The Staverton Nature Reserve comprises two sections: a public-access Boardwalk area and a fenced-off inner area which, as far as possible, is left to settle into a natural ecological balance without the disruptive impact of human activity.
This area provides a scenic walking route between the Staverton river path and the playing fields, a chance to enjoy the diverse fauna and flora inhabiting the Staverton Nature Reserve.
The Inner Reserve
This inner area comprises a steep slope of about two acres running down from the Staverton playing field towards the River Dart. At the bottom is a rare form of woodland marsh habitat which floods in winter and dries out in summer – possibly a breeding ground for amphibians A cursory glance reveals there are 6 species of mature deciduous trees on the site, including a significant stand of common alder.
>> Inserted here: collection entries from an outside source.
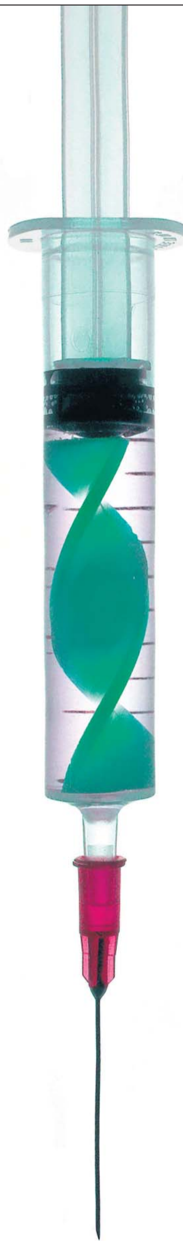
Neue Therapien zu entwickeln braucht Zeit. Pharmakonzern haben nicht immer die Geduld.
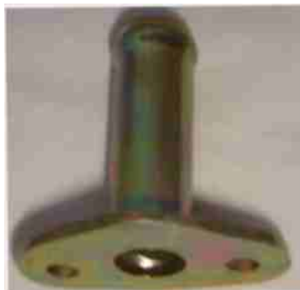
8322, CAÑO SALIDA CALEFACCION FIAT 147, DINAHCOM
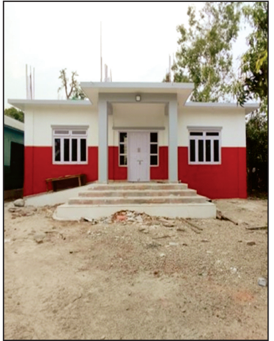
सव डिभिजन वन कार्यालय बेलस्रोत कटारी, उदयपुर
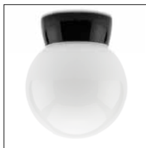
THPG- Porzellanleuchten Seite 6
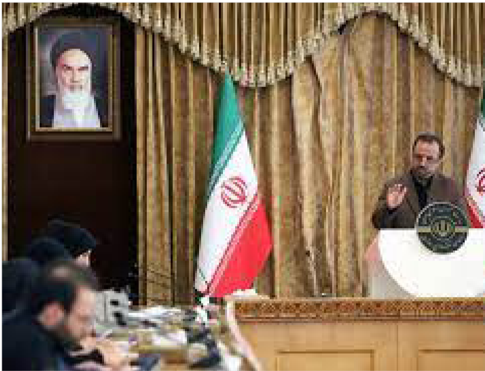
سخنگوی اقتصادی دولت اعلام کرد
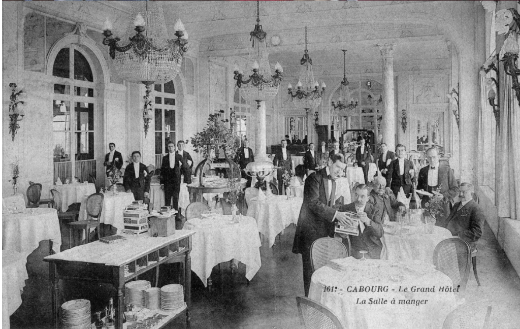
Le restaurant Le Balbec, de nos jours et en 1907
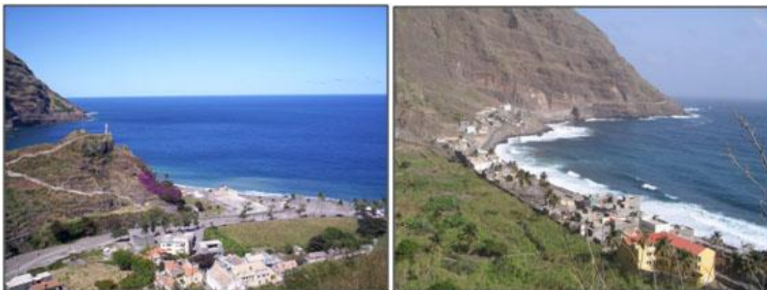
Ilustração 6 - Cidade das Pombas
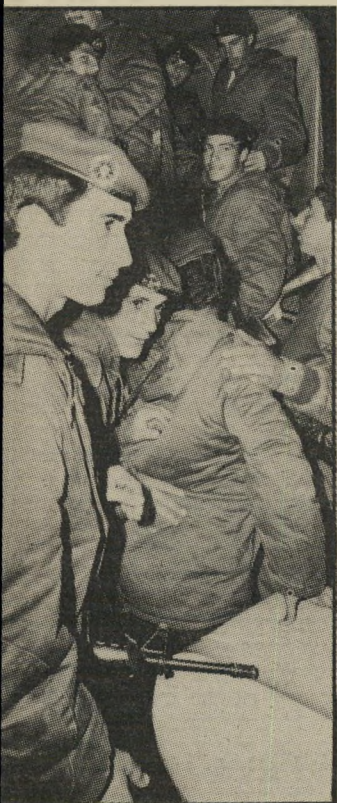
אנשי מג"ב מודל לקינאה
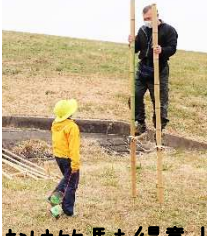
おひなは竹馬も得意！

昔遊びの達人「おひな」がやってくる！ダイナミックな土手すべりや宝をうばいあう昔のあそび「Sケン」は毎年大人気！！こま回しが得意な子も集まれ！
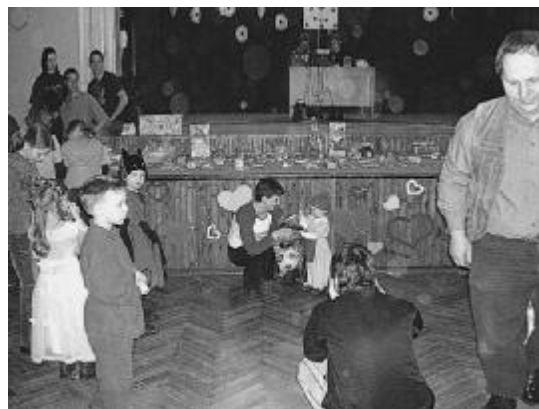
Nádherný karnevalový rej v Sokolovně...
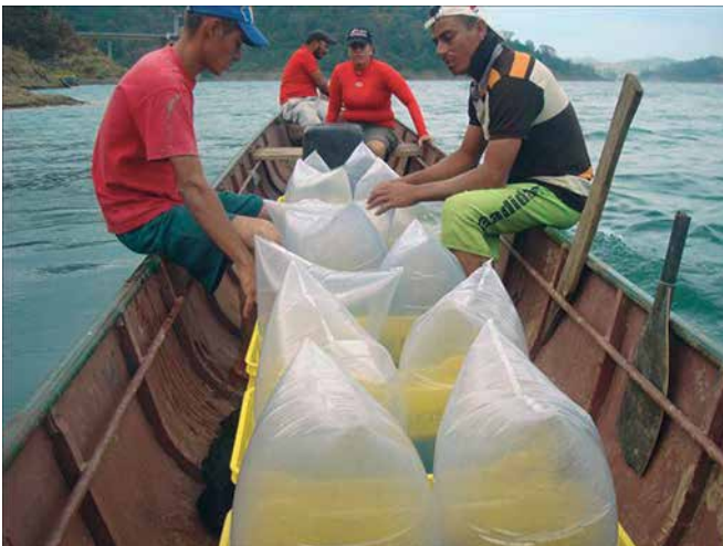
Foto 7. Durante el transporte de los alevines para la siembra.
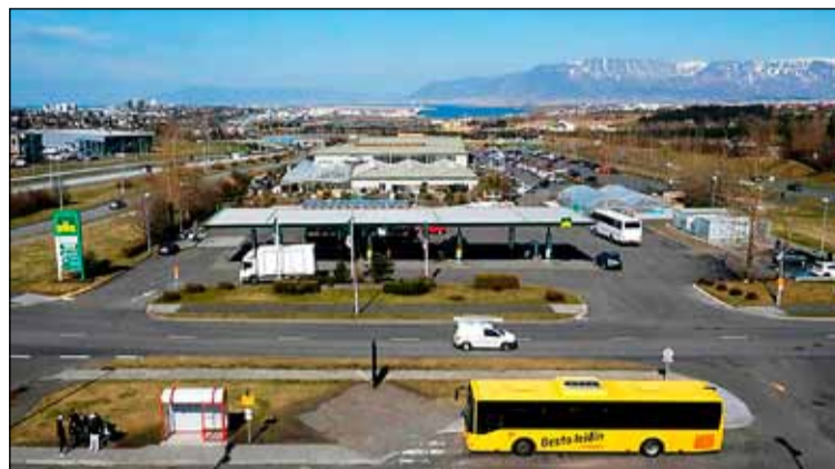
Garðheimareitir í Norður Mjódd. Þar er áætlað að byggja íbúðahverfi í framtíðinni.

Í fyrsta skipulagi af Norður Mjódd frá 1962 til 1983 var gert ráð fyrir að þar yrði óbyggð útivistarsvæði hugsað til þess að tryggja íbúum í Neðsta hluta elsta Breiðholtshverfisins útsýni. Í grenndarkynningu fyrir Norður Mjódd frá 1974 má finna fyrstu teikningar um nýtingu þessa svæðis undir byggingar. Þar kom meðal annars fram að í Norður Mjóddinni yrði komið fyrir lágum byggingum, sem myndu ekki trufla útsýni úr neðstu húsum Stekkjarhverfis. Um svipað leyti hafði Olís fengið vilýrði hjá Reykjavíkurborg til að flytja bensínstöð sína sem þá stóð sunnan Álfabakka yfir götuna og verða syðst í Norður Mjódd þar sem hún er nú. Þá voru komnar fram hugmyndir um að reisa
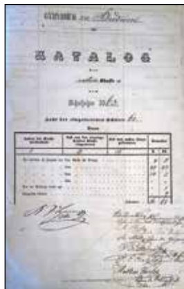
(katalog třídy I.A z r. 1863, SOkA Č. Budějovice)

V roce 1794 byly zavedeny tzv. černé a bílé knihy. Ty se nacházely v každé třídě, spolužáci do bílé knihy zapisovali dobré skutky svých kolegů a naopak, provinil - li se některý žák proti školním pravidlům, sám se musel zapsat do černé knihy. Při zkouškách museli žáci z těchto knih předčítat zápisy u svého jména. Prokázal - li žák dobrý skutek, který byl zapsán do bílé knihy, byl mu případný zápis z černé knihy vymazán. Na konci každého měsíce byly zápisy v obou knihách profesory vyhodnocovány a učiněn z nich pečlivý protokolární soupis. Jaké zápisy bychom četli asi dnes?
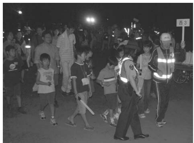
さあ、パトロールに出発です
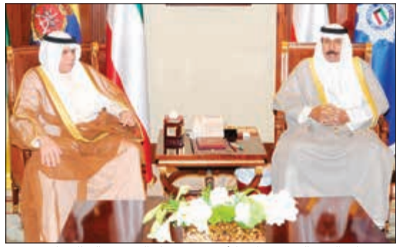
سمو ولي العهد الشيخ نواف الأحمد مستقبلاً الشيخ خالد الجراح

الداخلية الشيخ خالد الجراح. كما استقبل سمو ولي العهد وزير الدولة لشؤون مجلس الوزراء ووزير الإعلام بالوكالة الشيخ محمد العبدالله.
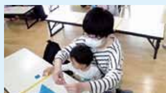
お母さんと一緒に “こいのぼり”を作りました！
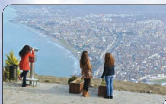
هكذا تبدو أورودو من ارتفاع 1500 متر عن سطح البحر
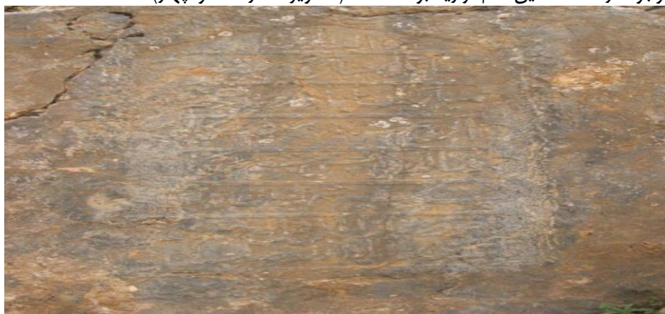
تصویر شماره سه: کتیبه ایجاد چشمه توسط نورالدهر در قتلو «بانی و ساعی چشمه مبارک‌آباد... این بنده درگاه نورالدهر الحسینی...»

پیرامون آن تلاش نمودند و این امر را با ایجاد و توسعه برخی آرامگاه‌ها، مساجد، قلعه‌ها، چشمه‌ها و... اجرایی کردند. در برخی از سنگ‌نوشته‌ها و کتیبه‌های دره چکاب و قتلو، در پیرامون انجدان، از فعالیت امامان فرقه نزاری برای ایجاد چشمه‌ها و درختکاری صحبت به میان آمده است. مشخصاً نورالدهر، فرزند خلیل‌الله انجدانی و سی‌وهشتمین امام نزاری انجدان، بر اساس دو کتیبه موجود در جهت ایجاد چشمه‌های چکاب و مبارک‌آباد که امروزه به قتلو نامبردار شده، کوشیده است. درختکاری دره چکاب نیز بر اساس سنگ‌نوشته موجود، از اقدامات این امام نزاریه بوده است. ۱ (تصاویر شماره سه و چهار)
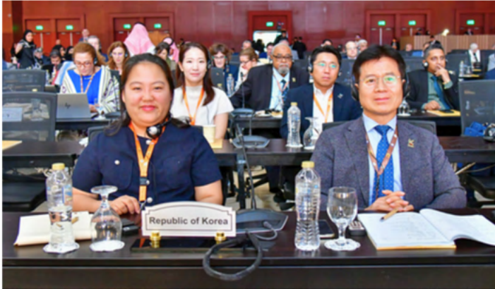
La Delegación de la Junta de Auditoría e Inspección de Corea.

El Pleno General de INTOSAI eligió a los Auditores Externos de INTOSAI para mandatos de tres años. La EFS de Ecuador, de la región OLACEFS, renovó su mandato, y la EFS de la República de Corea, en representación de ASOSAI, fue seleccionada como nuevo Auditor de INTOSAI, en sustitución del cargo que ocupaba la EFS de Jamaica. La EFS de Ecuador y la EFS de Corea supervisarán la auditoría de INTOSAI para los estados financieros de 2025-2027. La INTOSAI recibió este año un dictamen de auditoría limpio por parte de sus auditores.
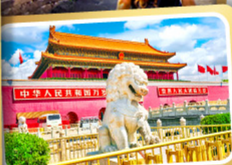
จุดริสเทียนอันเหมิน
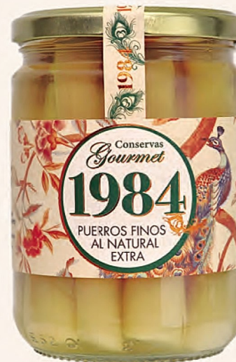
puerros finos al natural extra
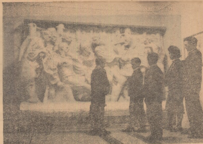
Cu elevii la muzeul regional din Timișoara.
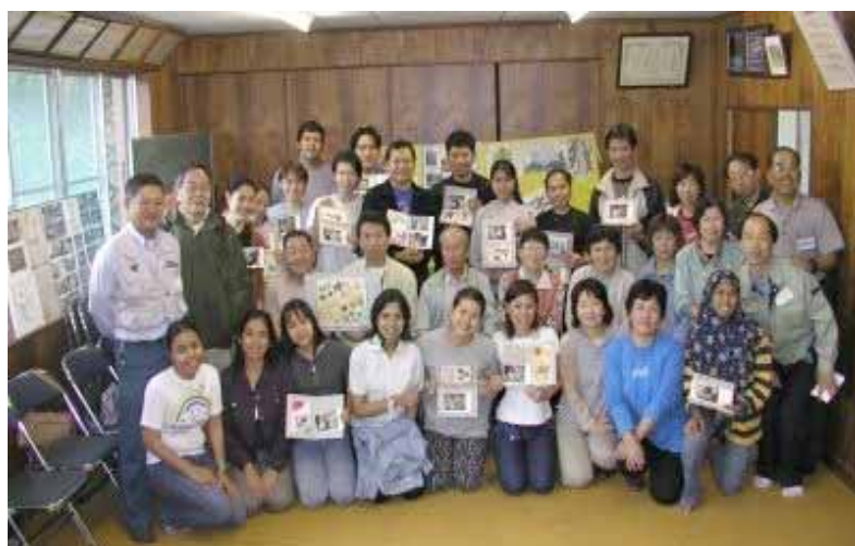
出来上がった作品を持ってKIFAのメンバーと記念撮影 楽しいひとときが過ごせました。
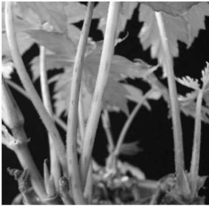
① 叶柄 褐绿色，紫红色条纹不明显
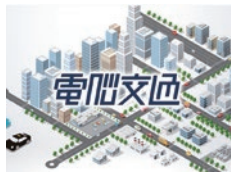
株式会社 電脳交通

【設立】2015年12月 【住所】徳島県徳島市 【事業内容】 タクシー配車システム開発・ 提供、タクシー会社の配車 業務受託運営サービス
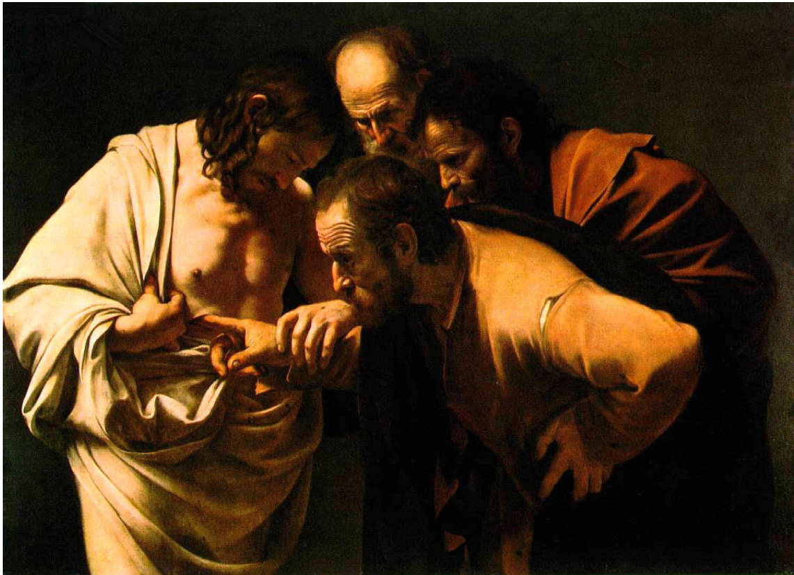
Der ungläubige Thomas
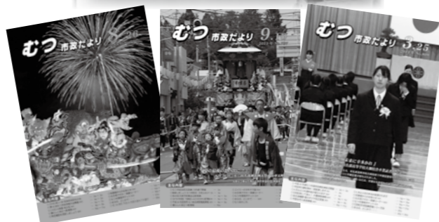
〈メールモニターへは次の方法で登録できます。〉
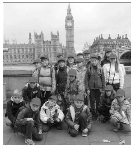
NA BŘEHU TEMŽE. Zadnotřebeňští školáci v Londýně.
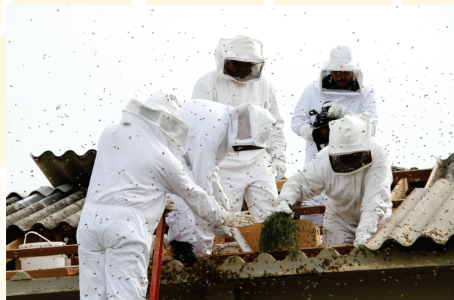
Abertura do local de entrada do enxame para acesso aos favos.
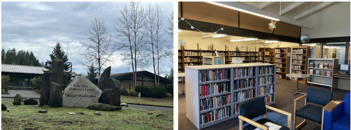
[그림 3] 에코글렌 아동센터와 도서관 전경

독후활동 결과물을 도서관 내에 전시하여 주인의식을 가질 수 있게 해주고 란튼 기술 대학(Renton Technical College)과 연계하여 청소년 교과수업에 필요한 자료를 지원해준다. 비영리단체와 협력하여 작가 섭외와 여름 독서교실, 소설 쓰기, 시 워크숍 등의 프로그램을 운영하고 있다.
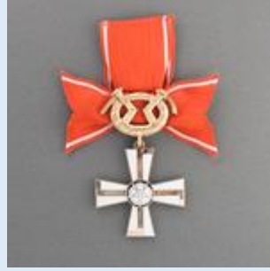
2. lk Vapaudenristi miekkoineen
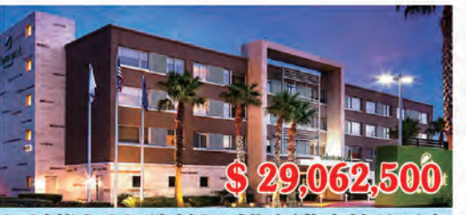
加州舊金山國際機場威斯汀苑宿精品酒店 房間數量: 135個 房間價格: $215,278/間
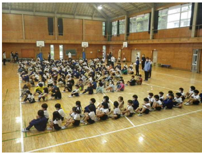
数年ぶりの全員集合。壮観！
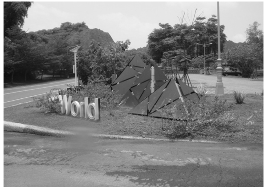
自然地景風景點整體建設
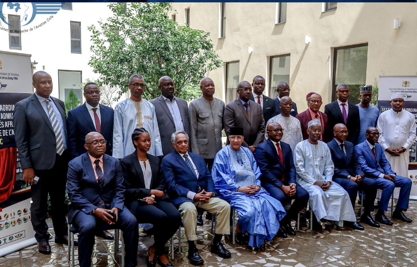
Photo de la cérémonie d'ouverture du Conseil extraordinaire des AAMAC du 16 avril 2024
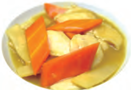
132. POLLO CURRY pollo,bambu,carote,curry
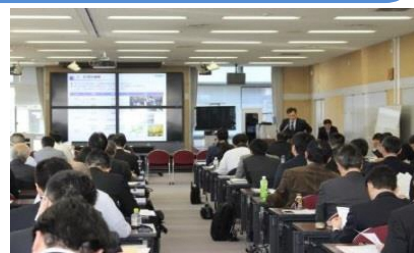
（昨年度の開催の様子）

懇親会に参加される方は、お一人5,000円（予定）となります。ざっくばらんな会ですので是非お気軽にご参加ください。
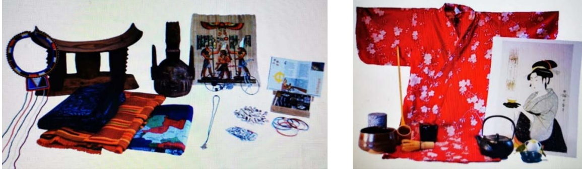
Şekil 3: Seattle Sanat Müzesi Gezici Bavul Müze İçeriği

Toplumun neredeyse her kesimine katkı sunan müzeler; çeşitlendikçe daha da işlevsel hale gelebilmektedir. Taşınabilmesi kolay müze nesnelere olduğundan gezici bavul müzecilik ile kimsesiz çocukların barındığı evlerden, yaşlı bakım evlerine kadar, toplumun her kesimine fırsat eşitliği sağlanabilmektedir.
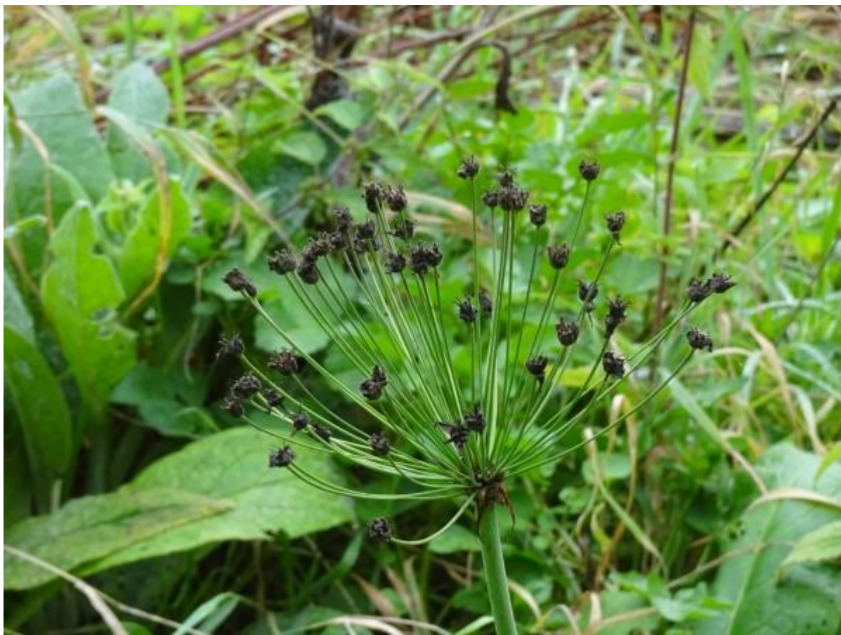
En de laatste sporen van de mooie Zwanenbloem
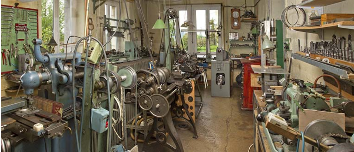
Intérieur de l'atelier de mécanique.
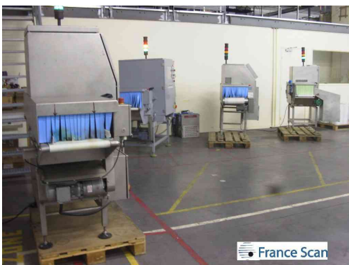
Machines automatiques ( à mettre sur ligne ou utilisables en mode manuel )

Nous disposons également des équipements nécessaires pour le reconditionnement et la repalettisation des produits ( préparateurs de commandes, banderoleuse, fardeleuse, pistolets à colle .... )
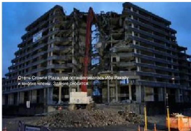
Отель Crown Plaza, где останавливалась Ибу Рахайу и многие члены. Здание сносятся.

Я приехал в разрушенный центр Крайстчерч и совершенно растерялся. Я «знал», где я был, но отсутствие знакомых ориентиров сбивало с толку. Это длилось недолго, но эффект был мгновенно дезориентирующим, как кратковременное помешательство, когда слова вдруг теряют свой смысл или знакомые лица узнаваемость.
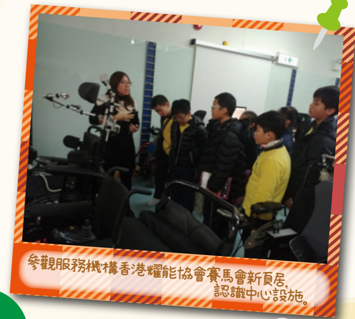
參觀服務機構香港耀能協會賽馬會新居， 認識中心設施。
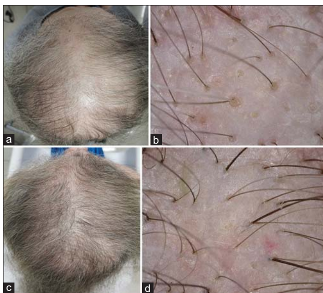
Figure 1 (a-d): Obraz makroskopowy i trichoskopowy łysienia w przebiegu SARS-CoV-2. Pacjentka zgłosiła się do gabinetu trychologicznego z objawem intensywnego, nadmiernego wypadania włosów. W wywiadzie pojawiła się potwierdzona infekcja SARS-CoV-2, której przebieg pacjentka opisała jako umiarkowany, bez hospitalizacji. Objaw nadmiernego wypadania włosów pojawił się około 1,5 miesiąca od pierwszych objawów infekcji i trwał z dużą intensywnością około 2 miesiące, dając w obrazie makroskopowym oraz trichoskopowym cechy znacznego przerzedzenia włosów. Obraz makroskopowy i trichoskopowy pacjentki po 4 miesiącach od pojawienia się objawów nadmiernego wypadania włosów. Stabilizacja wypadania nastąpiła po około 2 miesiącach od jego pojawienia się, a odrost włosów anagenowych zauważalny był już po około miesiącu od pierwszych objawów.

przestaje rosnąć. Zatrzymanie wzrostu włosów skutkuje ich wypadaniem. O ustalenie przyczyny wystąpienia łysienia telogenowego jest trudno, gdyż niezbędny jest do tego holistyczny obraz funkcjonowania organizmu. Jeszcze trudniej jest powiązać wypadanie włosów z przebytą infekcją SARS-CoV-2, również z uwagi na to, że wypadanie włosów może rozpocząć się nawet po czterech miesiącach od wystąpienia czynnika wyzwalającego (np. choroby) [11]. Czynniki, które mogą wzmacniać tendencję do telogenowego wypadania włosów, są m.in. [12]:

There is an understory of elder, holly, blackthorn and hazel which shows signs of having been coppiced in the distant past. The Ordnance Survey map of 1895 shows it as a woodland site, and it is believed that many of the trees could be at least 100 years old. The ancient wood indicator dog’s mercury is abundant amongst the leaf litter beneath the tree canopy. It is possibly a habitat for great crested newts, and higher up the slope for dormice. This needs further research. Badgers, roe deer and four species of bats are known to use the site, and it offers a haven for woodland birds both nesting and roosting. Marsh tits have been observed nesting there. Beetles and other invertebrates make homes in the many fallen trees providing food at the lower end of the food chain. According to the Wildlife Trust, there is an urgent need to ensure the conservation of these little secret spaces.